Литмир - Электронная Библиотека

В этом смысле исследовательская программа, намеченная когда-то В. В. Виноградовым, кажется гораздо более сбалансированной. Ученый подчеркивал взаимозависимость языка, мышления и реальности: язык воздействует на мышление, на восприятие реальности, но и то, что происходит в реальной жизни и воспринимается человеком, воздействует на язык. Трудности выстраивания и отстаивания самостоятельной теоретической концепции в современной Виноградову интеллектуальной среде, несомненно, были главным препятствием реализации этой программы; тем не менее ученый продолжал заниматься историей отдельных слов, и его заметки, ныне собранные в одном томе [Виноградов 1999], содержат богатейший эмпирический материал. К задаче обоснования исторической семантики как области гуманитарного знания российская наука вернулась лишь в начале 2000‐х годов, и это было ответом на вызовы иного научного направления – немецкой истории понятий.

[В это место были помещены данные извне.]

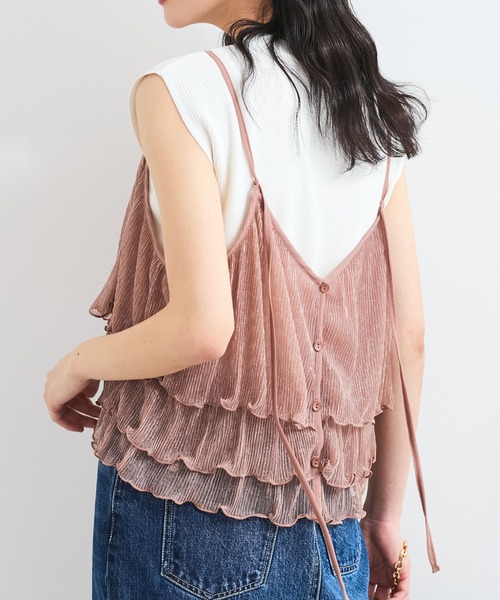 一枚プラスオンでコーディネートが華やかになる2WAYビスチェ◆2025春夏◆ <POINT>・前後2WAY仕様で、マルチな着こなしが可能。・動くたびに煌めくラメ生地と3段のフリルで表情が魅力的な1枚。・ショルダーストラップは調節可能なリボン紐タイプで、インナーをレイヤードする際も窮屈感なく着こなせます◎・クロップド丈なので着こなしのバランスが取りやすくレイヤードに最適!【デザイン・シルエット】 3段に連なるティアードフリルがフェミニンなアクセントになる1枚。女性らしさを引き立てつつも、甘くなりすぎない絶妙なフリルのバランスにこだわりました。柔らかく、やや落ち感のある生地なので広がりすぎず、着膨れしにくいシルエットです。大人カジュアルにも、パーティースタイルにもフィットする万能アイテムです◎ 【素材】柔らかい素材で、着膨れしにくいのでインナーを選ばす合わせられます。軽やかでさらっとした肌触り。 【カラー】ブラック、シルバー、ピンク系の3色展開。様々なインナーにレイヤードしやすいカラーをセレクト! 【おすすめのスタイリング】Tシャツ×デニムなどのシンプルなスタイリングに合わせるだけで、一気に旬なスタイリングに◎タンクトップに合わせてシアーカーディガンなどを羽織ると抜け感のあるスタイルにも。中に合わせるインナー次第でどんな季節でも着用でき、着回し力が抜群なアイテムです。 ----------------------------- 裏地:なし 光沢感:ややあり 透け感:ややあり 伸縮性:なし ボタン:あり(開閉可) 生地の厚さ:薄手 肩紐:調整可 季節:春、夏、秋 ----------------------------- 【モデル着用サイズ】 全色モデル身長:168cm、着用サイズ:F ※こちらは、WEB店舗限定の商品です。実店舗での販売はしておりません。 ※画像の商品はサンプルです。 実際の商品と仕様、加工、サイズが若干異なる場合がございます。 ※画像によっては実際の色味と異なる場合があります。正しい色味は生地アップ画像をご確認ください。
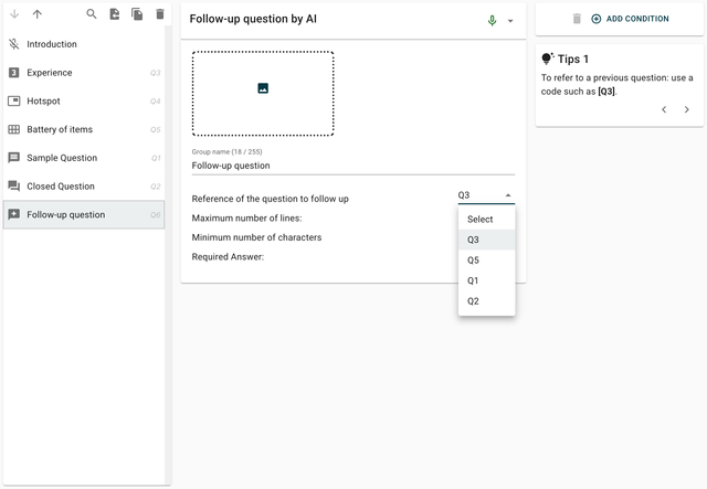 Pour créer une question adaptative, vous devez établir une référence à une question existante dans votre questionnaire qui servira de base pour le suivi.
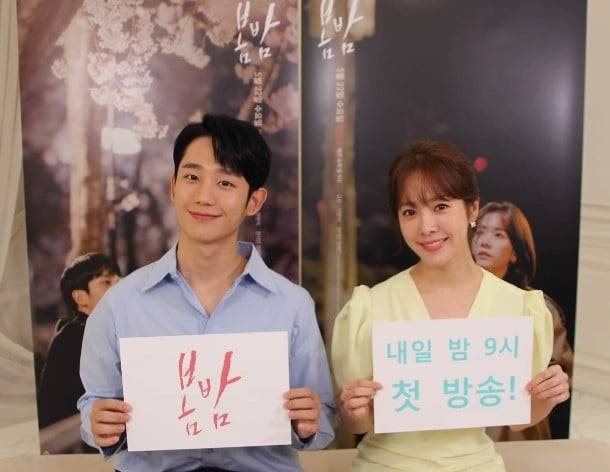 22일 첫 방송을 앞두고 공개된 사진 속에는 정해인(유지호 역)과 한지민(이정인 역)이 '봄밤, 내일 밤 9시 첫 방송!'이라는 본방사수 독려 메시지를 들고 완벽 비주얼을 뽐내고 있어 시선을 강탈하고 있다.
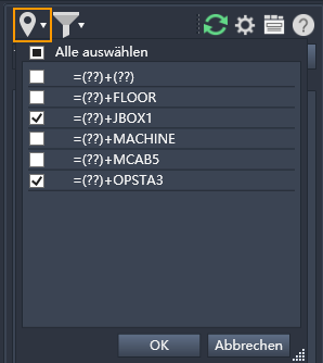 Anmerkung: Wenn das AutoCAD Electrical toolset-Projekt nicht mit einem Inventor-Projekt verknüpft ist, entsprechen die Schaltflächen Ortsansicht nicht dem angezeigten Bild.
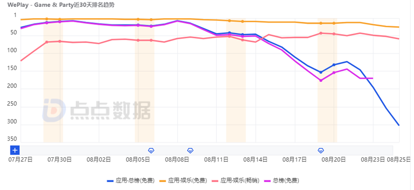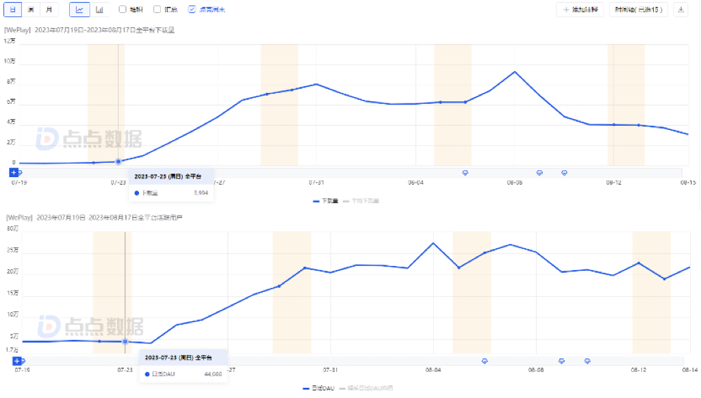 根据点点数据,WePlay 的下载量在 7 月 23 日开始快速增长,从不到 4000 增长到最高单日 9.2W,单日下载 4w+大概维持了半个月的时间。与此同时,在下载量增长很快的情况下,DAU 的增长也不错,从 7 月 23 日的 4W 左右,增加到7月底的 20W 左右。然而在之后的半个月左右,虽然 WePlay 一直还在维持不错的单日新增下载,但 DAU 基本上就没变过了。如果不考虑用户进出的动态变化,之后的新增下载,几乎等同于没有任何转化效果。
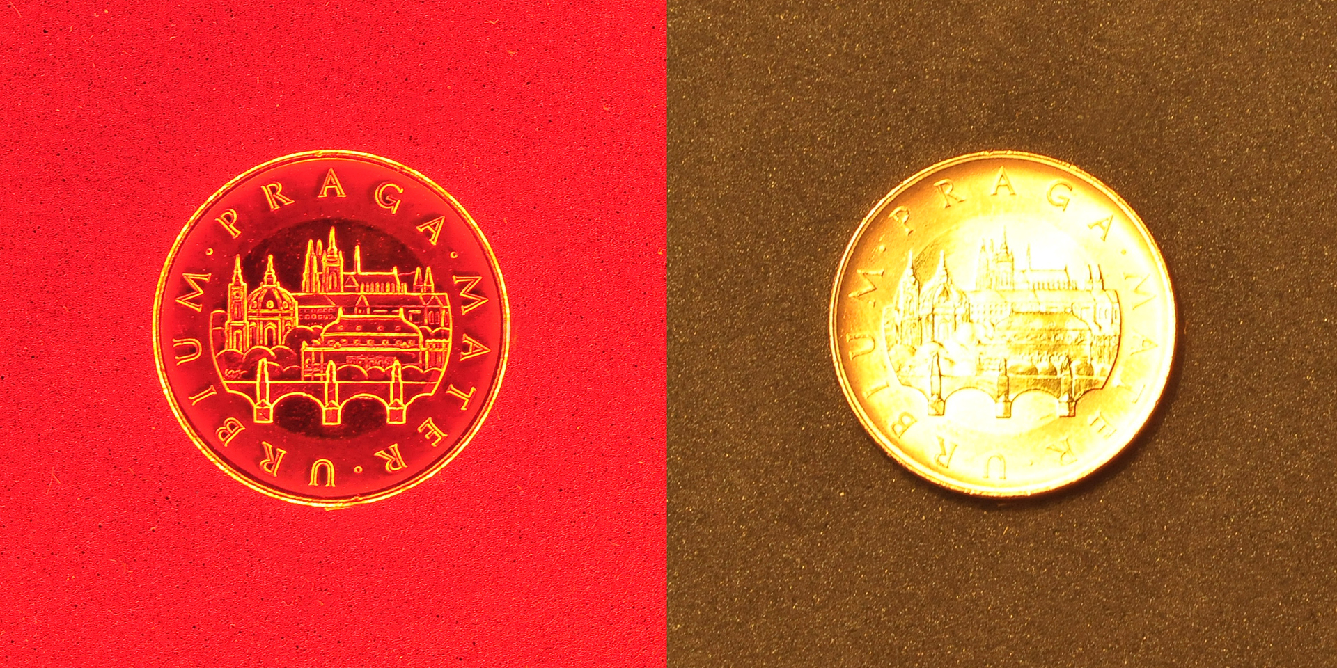 The coin illuminated by the DataLight DF15 illuminator with red light and an attempt to illuminate this coin with a common flat illuminator

Козеллек и Скиннер: исторический аспект

Историку proprie dictum история понятий служит исследовательским инструментарием, позволяющим подобраться к тем аспектам исторических явлений, которые в противном случае ускользают от взгляда. Двумя наиболее впечатляющими проектами такого рода являются, безусловно, Begriffsgeschichte, главным теоретиком которой был Райнхарт Козеллек, и кембриджская школа history of concepts, представленная Квентином Скиннером, Джоном Пококом и Джоном Данном. Хотя эти подходы сближает интерес к политическим понятиям, следует сразу же подчеркнуть принципиальное различие между ними. Если Козеллек уделял немалое внимание теории истории понятий и стремился проблематизировать язык как среду смысловых трансформаций, кембриджская школа в целом остается в пределах традиционной интеллектуальной истории. Перед ней не стоит задача исследовать язык как таковой, и мотивы для изучения истории понятий возникают у ее представителей в контексте решения свойственной ей, сугубо исторической задачи. По этой причине обращение ученых «кембриджской школы» к истории политического языка не ведет к выявлению диалектики языковых и внеязыковых процессов. История становления политического языка и политических институтов воспринимается как внеположенная по отношению к истории языка и зачастую даже к истории как таковой.

Разумеется, историк совершенно иначе, чем лингвист, использует сам термин понятие. Для лингвиста понятие – одна из вершин треугольника Фреге, при том что две другие – это «слово» и «вещь». Утрата одной из вершин заставляет сомневаться в полноценности двух других. Готлоб Фреге писал в одной из своих основополагающих работ:

Известно, что в логике недопустима неоднозначность выражений, ибо она является источником логических ошибок. Я полагаю, что не менее опасны ничего не обозначающие псевдоимена. История математики знает много заблуждений, возникших из‐за псевдоимен. Псевдоимена, по-видимому, даже в большей степени, чем неоднозначные выражения, способствуют демагогическому злоупотреблению языком. Таково, к примеру, выражение воля народа, которое очевидным образом не имеет (во всяком случае, общепринятого) денотата[6].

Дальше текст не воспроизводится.